= Lilian date =

Calendar date format

A Lilian date is a day numbering system that counts the number of days elapsed since 15 October 1582, the first day of the Gregorian calendar, which is designated as Lilian date 1. The system was introduced in 1986 by Bruce G. Ohms, an engineer at IBM, to simplify date calculations in computing environments.

Named after Aloysius Lilius, the principal author of the Gregorian Calendar reform, the Lilian date represents calendar dates as continuous integers rather than as year–month–day components. It is currently used by date conversion routines that are part of IBM Language Environment (LE) software and in IBM AIX COBOL.

Lilius’s reform addressed accumulated drift in the Julian calendar and was promulgated by Pope Gregory XIII. In the first countries to implement the reform, Thursday 4 October 1582 (Julian) was followed by Friday 15 October 1582 (Gregorian). The Lilian epoch aligns with this first Gregorian day.

== Definition ==
The Lilian date represents a calendar day as a single integer: 1 corresponds to 15 October 1582 (Gregorian), 2 to 16 October 1582, and so on, increasing by one each day. IBM documentation describes 14 October 1582 as day 0 for internal calculations, while public interfaces typically accept and produce values greater than or equal to 1, corresponding to dates from 15 October 1582 onward. Implementations commonly support dates through 31 December 9999. T

The system is intended solely for date arithmetic (adding/subtracting days, computing intervals) and deliberately excludes fractions of a day or references to time standards.

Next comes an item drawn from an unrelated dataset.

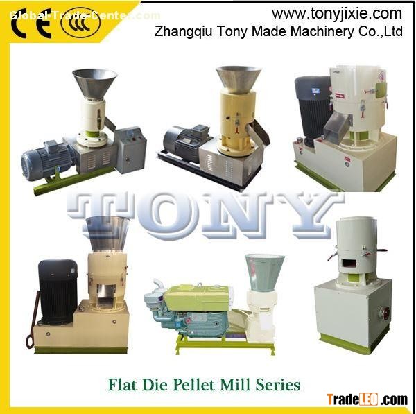 Our flat die pellet mill machine is a newly developed energy saving equipment. The finished products are smooth in surface and shapely in posture. Its hardness is closely to European standard. Since it not only can process the feedstuffs for animals, such as feed for fish, chicken, pig etc, but the pellet machine also can process the waste biomass material to wood pellet. The final wood pellets can be burned as green fuel in pellet stove or boiler.

== Relation to other day counts ==
The Lilian date is only a date format: it is not tied to any particular time standard. Another, better known, date notation that is used for similar purposes is the Julian date, which is tied to Universal time (or some other closely related time scale, such as International Atomic Time). The Julian date always begins at noon, Universal Time, and a decimal fraction may be used to represent the time of day. In contrast, Ohms did not make any mention of time zones or time of day in his paper.

If the Lilian date was to be reckoned in Universal Time, and if the Lilian date is taken to begin at midnight, the Lilian date can be obtained from the Julian date by subtracting 2,299,159.5 from the Julian date, and ignoring the decimal fraction in the result.